フランスのシャンソンの神様にして伝説---。
映画界においては、ヌーベル・ヴァーグの傑作となるフランソワ・トリュフォーの『ピアニストを撃て』から、カンヌ国際映画祭パルム・ドール賞、アカデミー外国語映画賞を受賞したギュンター・グラスの原作の『ブリキの太鼓』など60作以上の映画出演。
もはや、歴史上の伝説の人物となるシャルル・アズナヴールが、9年ぶり、そしてこれが本当に最後となる日本ツアーが決まりました。
せんだって5月22日には、92歳を迎えた今もなお、その素晴らしい歌声は健在!!!
2015年のシャルル・アズナヴール
最後の来日となる今回、1960年代から1970年代に日本でムーブメントとなった“シャンソン”の名曲を、生で聞く最後のチャンスとなります!
Charles Aznavour(シャルル・アズナヴール)
1924年5月22日フランス・パリ生まれ、言わずと知れた“シャンソンの神様”、レジェンドである。
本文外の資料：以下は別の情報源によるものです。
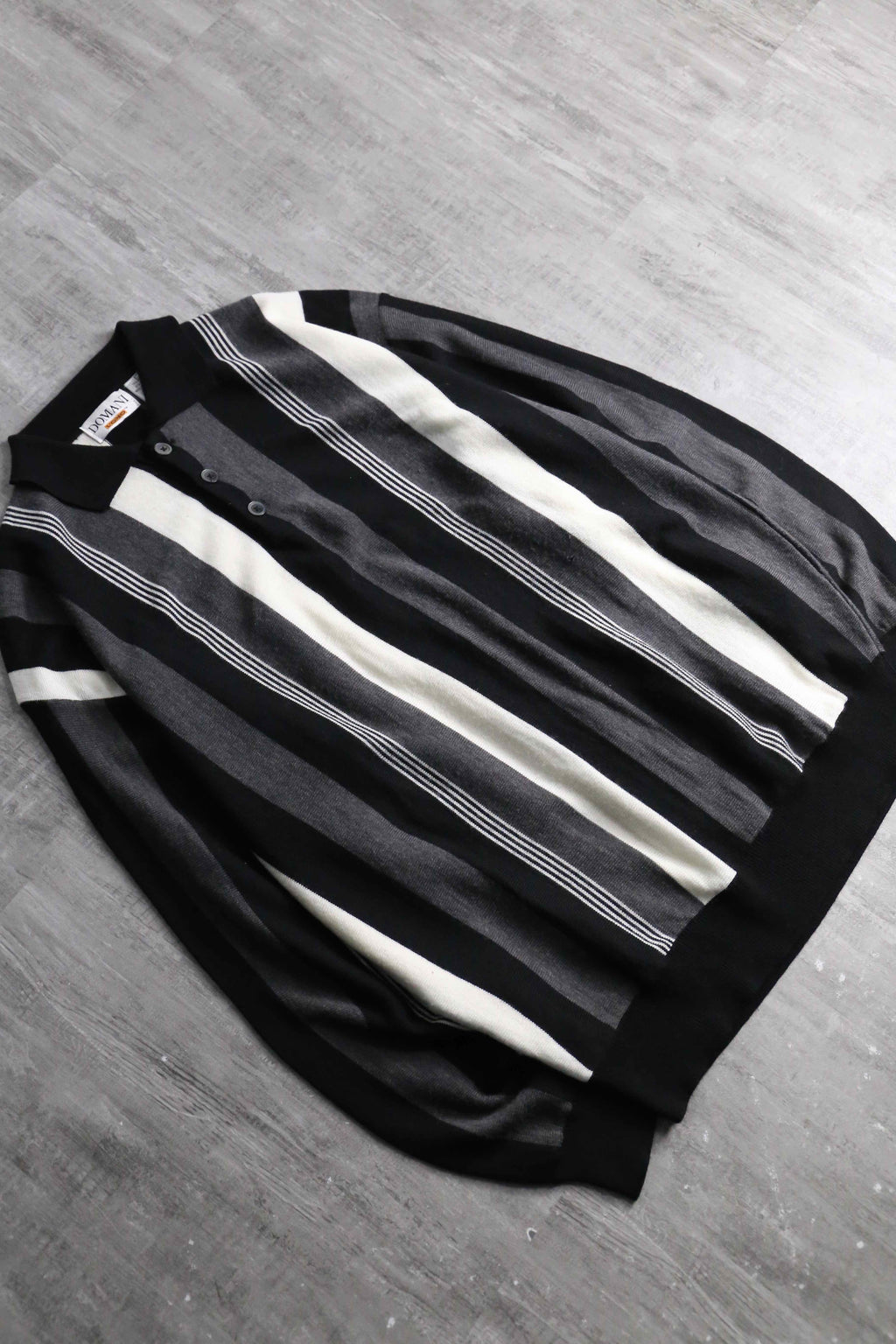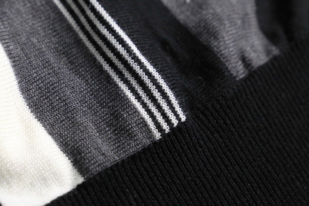 白、黒、グレーのモノトーン配色の色味良いニットポロ。

今年92歳を迎えるが今日も週3回は音楽出版社に出向き、ピアノを弾いて過ごすなど、圧倒的な“声”の存在感と“リズムの多様性”は健在だ。
60年代から70年代にかけて日本で起こった “シャンソン・ブーム”の代表曲「帰り来ぬ青春」は美しく悲哀に満ちたメロディーに素晴らしい訳詞がつく事によって、歌詞の意味、メロディ全てが時代のムードに一致し大ヒットする。他にも「ラ・ボエーム」「哀しみのヴェニス」「世界の果て」「コメディアン」「イザベル」など多くの曲に日本語の訳詞がつき、多くの日本人シンガーによって歌い継がれていく事になる。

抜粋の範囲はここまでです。